Cg Profile Performance - a brief article.

pocketmoon_

Newcomer
Hi,

I've written up some Cg testing I've been playing around with for a week or so. It's a comparison of how the various Cg profiles perform (OpenGL and DX) with a small set of shaders. There is also a comparison with Microsofts HLSL.

Please let me know if you spot anything dumb.

http://www.pocketmoon.com/Cg/Cg.html

Cheers,

Rob
 
Can you just clarify what the NV30, NV30-PP and NV30-FIXED modes are referring to exactly? me=thick
 
Looking at your "help the compiler" section, it looks like the Cg compiler back ends have a long way to go.
 
Neeyik said:
Can you just clarify what the NV30, NV30-PP and NV30-FIXED modes are referring to exactly? me=thick

Sorry - I'll make it clearer in the article.

The FP30 profiles supports floats, halves, and fixed point data types. I simply wrote three versions of each shader to make tge best use of each data type. The Cg code show for each shader is the 'float' version. The other version simply use the other data types. Compiling these other versions using, say, the ARBFP profile simp,y results in the lower precision datatypes being up-cast to floats so there is no performance gain to be had there.
 
Interesting test and at least Cg shines in what it is supposed to, namely to write to the metal based on a profile (FP30). ;)
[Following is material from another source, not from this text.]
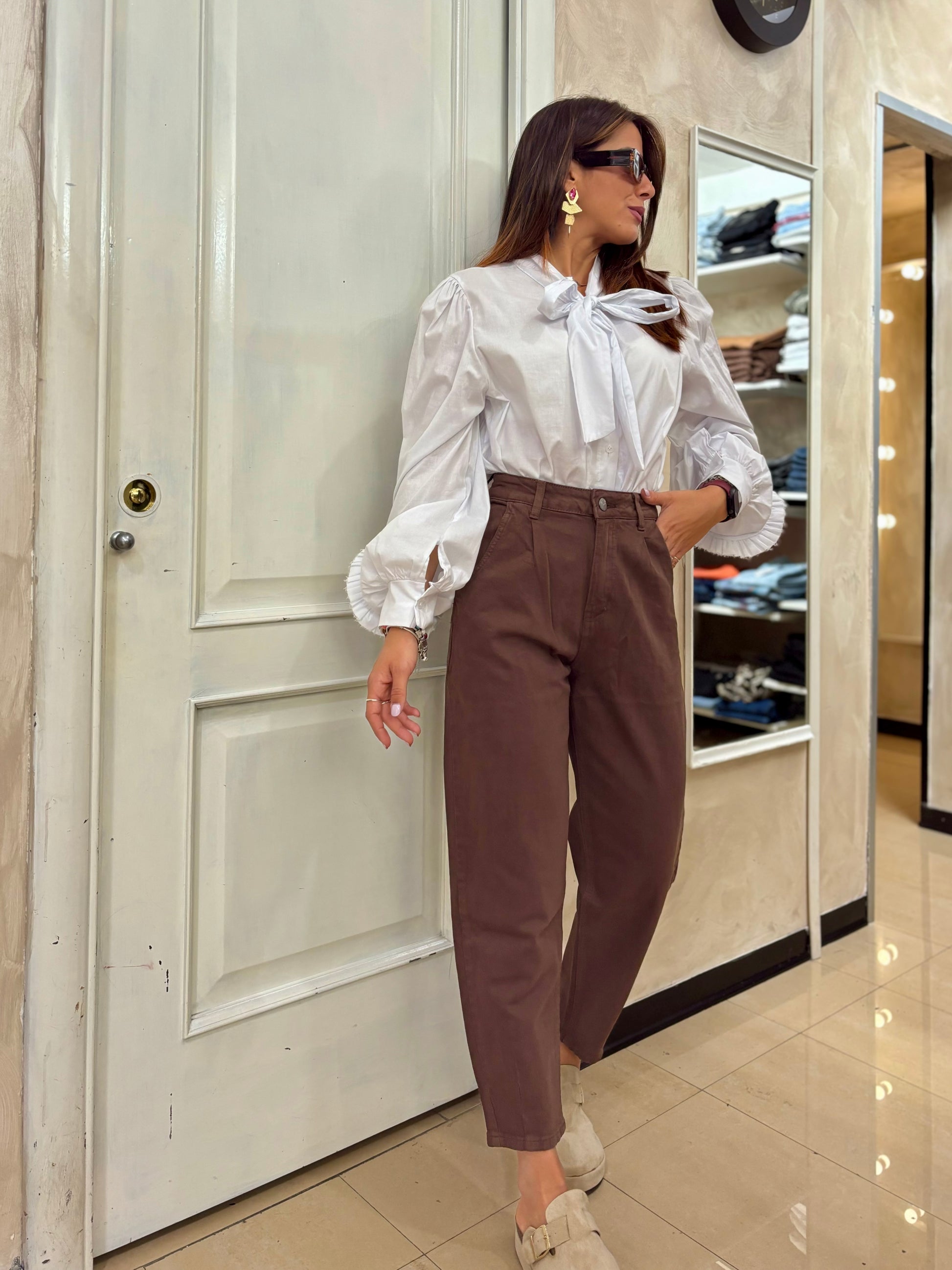 Camicia basic con chiusura fiocco e applicazioni fiore sui polsini

And it just loves the fixed precision (register combiners) and dislikes the ARB FP. This isn't really a surprise of course (think Carmack), but I wonder whether this mainly have to do with the Quadro FX 2000 or Cg?
 
RussSchultz said:
Looking at your "help the compiler" section, it looks like the Cg compiler back ends have a long way to go.
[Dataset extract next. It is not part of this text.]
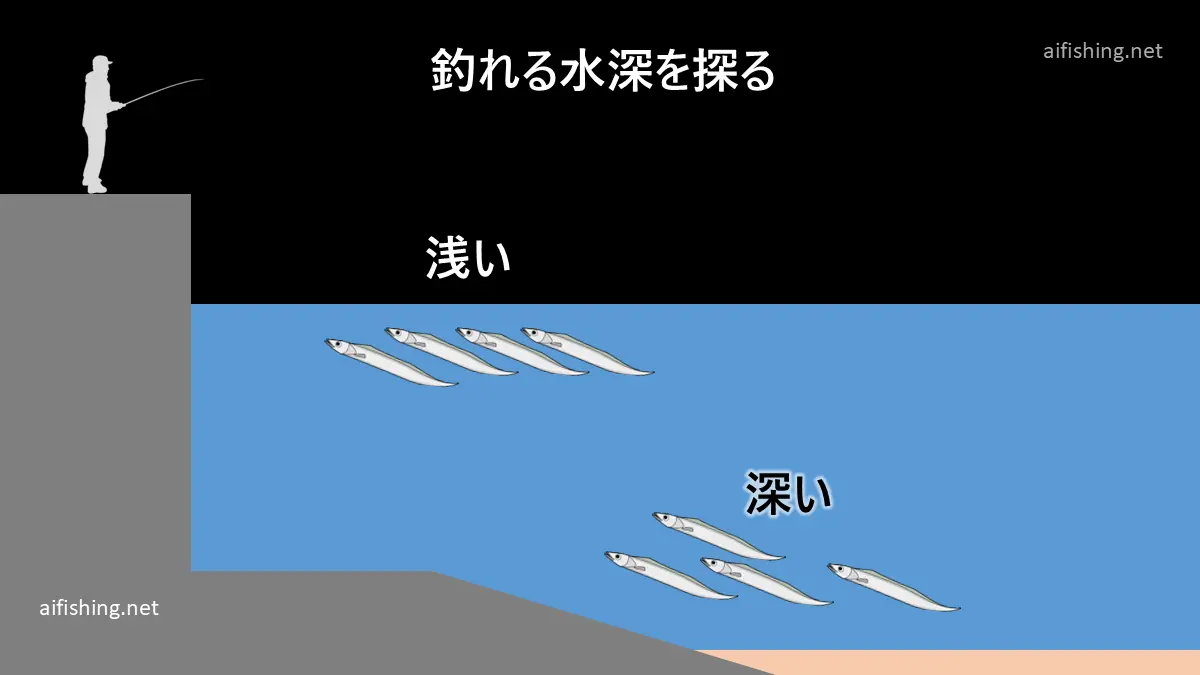 ・明るいうちや寒い場合は深い場所で釣れることがあります。

To be fair, I'll do a quick test later and see what the HLSL compiler makes of it. The HLSL comparison was bolten on after I'd done the initial shader tuning.
 
Illustrating the actual instruction output differences between the Cg and DX 9 HLSL shaders would be interesting, via a link, as it could make the results a lot more meaningful. I'm also interested in what the low instruction count differences consist of.

Also, for the performance difference examples after the "Intrinsics" heading, I'm curious if there is a difference in the relative performance for the approaches between full precision and for half precision, and between Cg and DX 9 HLSL. I'm wondering if it is a universal missed optimization opportunity or not, and how it interacts with the various targets, and the suggestion above for showing the various outputs could clarify why the behavior occurs for the nv30.

Highlighting the applicable output instructions in contrast for your specific performance difference examples would be helpful as well.

Might also be handy to see how CPU scaling affected some benchmarks, since the issue for performance for some might be driver scheduling workload.
 
Sorry for stating the obvious, but would it be possible to get 9700 numbers up there just for comparison? I'd like to see what the 9700 is capable of in ARBFP and PS_2_0.

We'd also have an idea of how much work is left to be done in the shader portion of the NVidia drivers, and if their integer pipeline is any faster than ATI's float pipe.

I'm sure someone here can help you out if you don't have the hardware.

BTW, good job! I'm sure there were a number of us itching to see these results.
 
Mintmaster said:
I'm sure someone here can help you out if you don't have the hardware..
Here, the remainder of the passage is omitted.